Waste Land (2010)
Directed by Lucy Walker, Karen Harley, and Joao Jardim
O2 Films, 99 mins. in English and Portuguese
* * * *
On the surface, this is a film most Americans would avoid--it’s a documentary with no star power, its subject matter sounds depressing, and part of the dialogue is in Portuguese and is subtitled. The film follows the lives of Rio de Janeiro dwellers from the favelas, the drug-infested, crime-ridden slums that climb Rio’s hillside like a plague of kudzu. The subjects in this film make their living in a stomach-churning fashion: they hang out in the Jardim Gramacho, the world’s largest landfill. There they spend twelve-hour days sifting through the garbage in search of materials they can sell. In a good week they earn the equivalent of about $25, but every day they prevent several tons of material from being plowed under.

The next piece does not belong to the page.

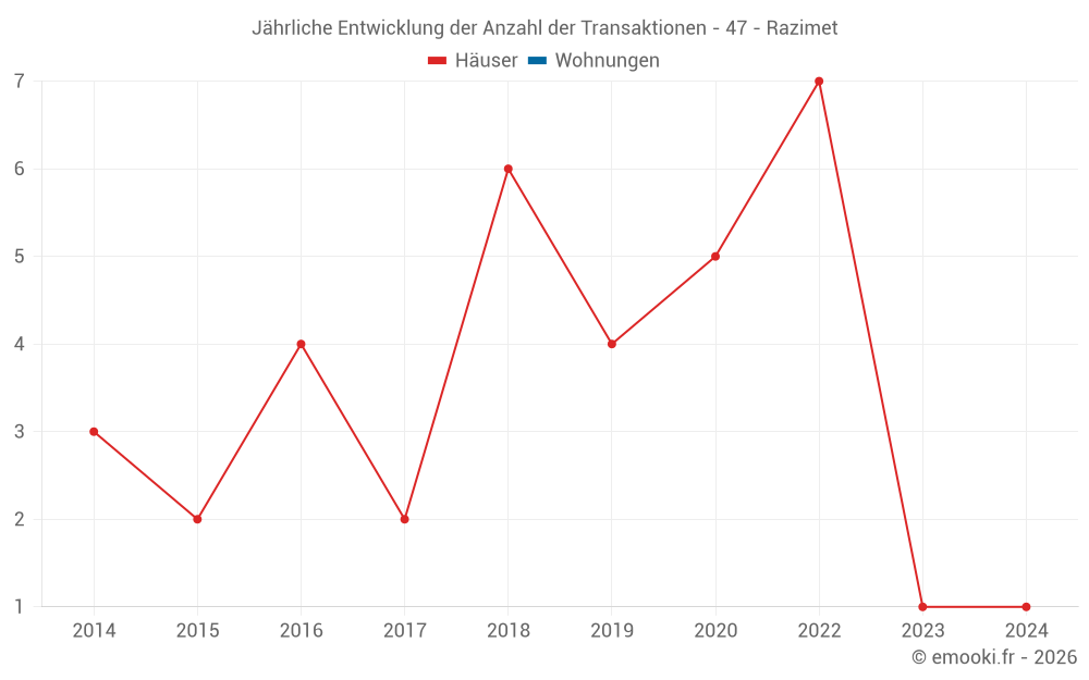 Karte der Immobilienpreise in der Gemeinde Razimet, wählen Sie einen Abschnitt, um Transaktionen nach Parzelle zu sehen.

This may sound like a huge turnoff, but it’s actually one of the most uplifting films I’ve seen in quite some time. It centers on a project spearheaded by Brazilian-born, New York-based artist Vik Muniz. If the name doesn’t ring bells for you, rest assured that they peal quite a few at art auctions; Muniz is among the world’s most successful living artists. He’s done well, in fact, that he decides to return to Brazil for two years, hang out in the dangerous favela, make art with the pickers, and donate any profits that result. He finds many things he did not expect, including a pickers’ association led by the idealistic Tiao, as gentle and sweet a young man who has ever graced the planet. None of Muniz’s subjects are what you’d anticipate. There is Zumbi, the organic intellectual who reads Machiavelli books he finds amidst the trash; Irma, the landfill cook, who looks like a Walker Evans photo; Suelem, 19, and the mother of two, who ends up in a Dorothea Lange-like tableau; the strong-willed and striking Magna; fashion-conscious Isis; and Valter, who has spent decades on the trash heap, but is as cheerful as a character conjured by Dickens. And don’t call them trash pickers; they definitely see themselves as engaged in grassroots recycling.
Muniz and his team worry about and debate whether their presence can help, or if they’re just another link in a chain of broken dreams. I’m not spoiling a thing to say that Muniz orchestrates stunning art and that lives are transformed. Orchestrates is the correct word; Muniz is not necessarily the center of the art that ensues. This is a moving portrait of hope amidst conditions that would induce despair in most people. It is also one of the beauty to be found in an unlikely place. In sum, it’s a film that might make you believe that humankind might just manage to save itself. It’s now available on video, and Netflix subscribers can view it as an instant download. I’d recommend you do so now and move it to the top of your queue.